◆ **WHAT IS BEING ASKED**: Quote all of the data exactly as given. Skip every picture it contains.

◆ **RECORDS FOR THIS EXERCISE**:
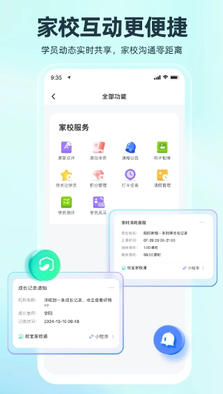 消息通知功能升级:系统将自动推送上课提醒、课消提醒及续费提醒,有效提升沟通效率。
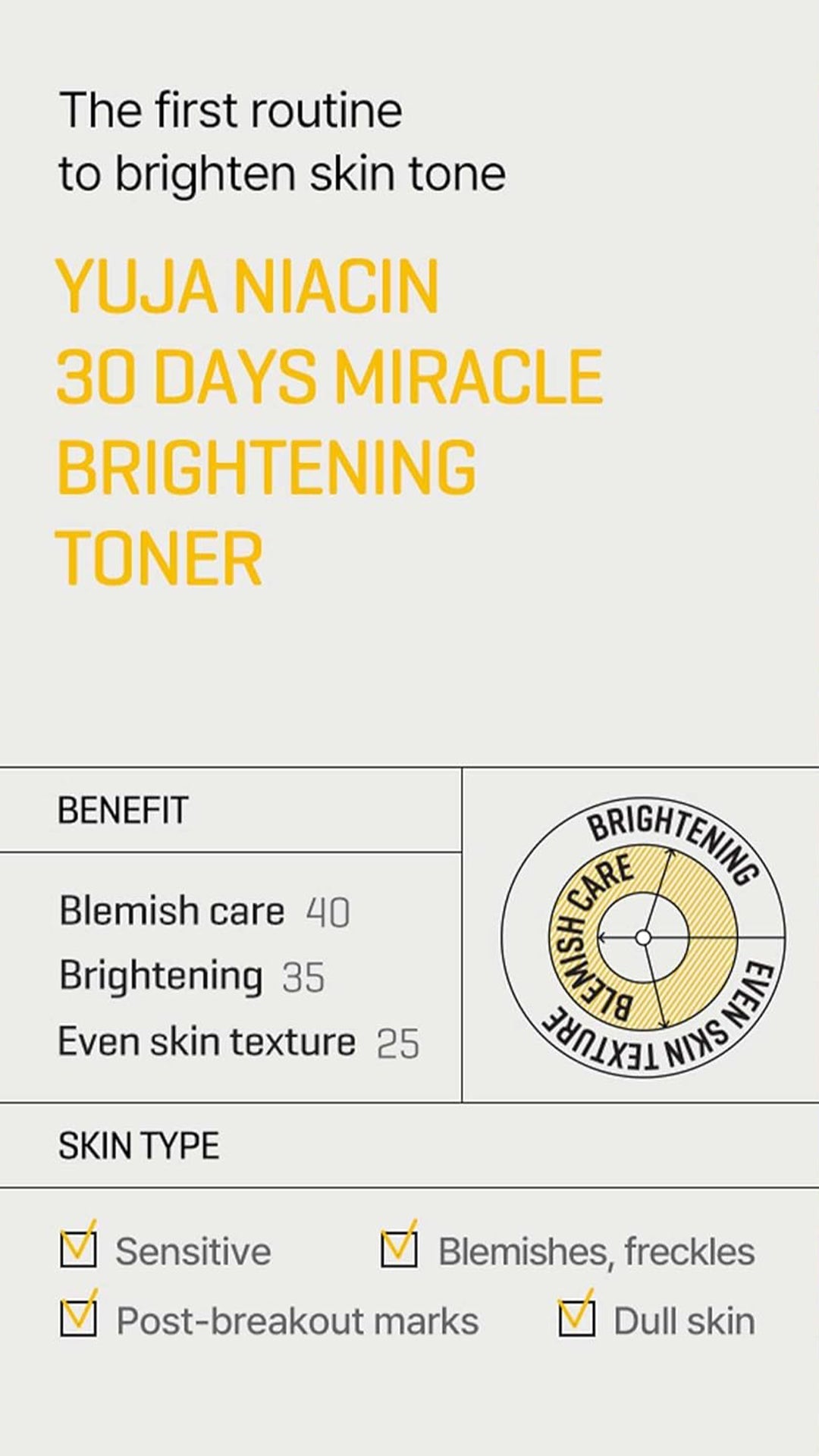 Transform your skin in 30 days with this powerful brightening toner featuring yuja extract and niacinamide. π
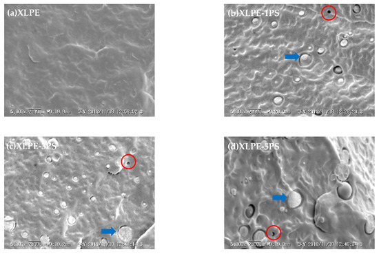 SEM micrographs of cryogenically fractured surfaces for samples. (a) XLPE; (b) XLPE-1PS; (c) XLPE-3PS; (d) XLPE-5PS. (Arrow: cross section, circle: cavity).
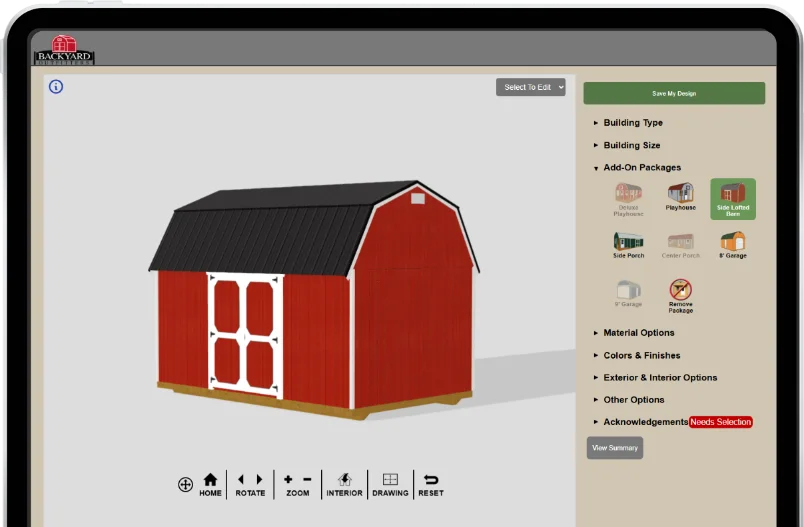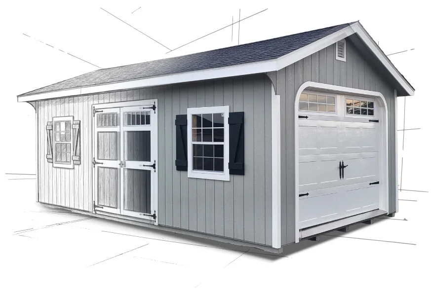 Use our interactive 3D shed builder to create a structure that fits your exact needs. Customize size, layout, colors, doors, windows, and upgrades, then receive a fast quote with no pressure.
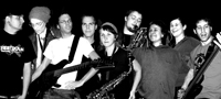 gepaart mit verzerrten Gitarren-Riffs, unterstützt von Bläser-

◆ **SOLUTION**:
 消息通知功能升级:系统将自动推送上课提醒、课消提醒及续费提醒,有效提升沟通效率。
 Transform your skin in 30 days with this powerful brightening toner featuring yuja extract and niacinamide. π
 SEM micrographs of cryogenically fractured surfaces for samples. (a) XLPE; (b) XLPE-1PS; (c) XLPE-3PS; (d) XLPE-5PS. (Arrow: cross section, circle: cavity).
 Use our interactive 3D shed builder to create a structure that fits your exact needs. Customize size, layout, colors, doors, windows, and upgrades, then receive a fast quote with no pressure.
 gepaart mit verzerrten Gitarren-Riffs, unterstützt von Bläser-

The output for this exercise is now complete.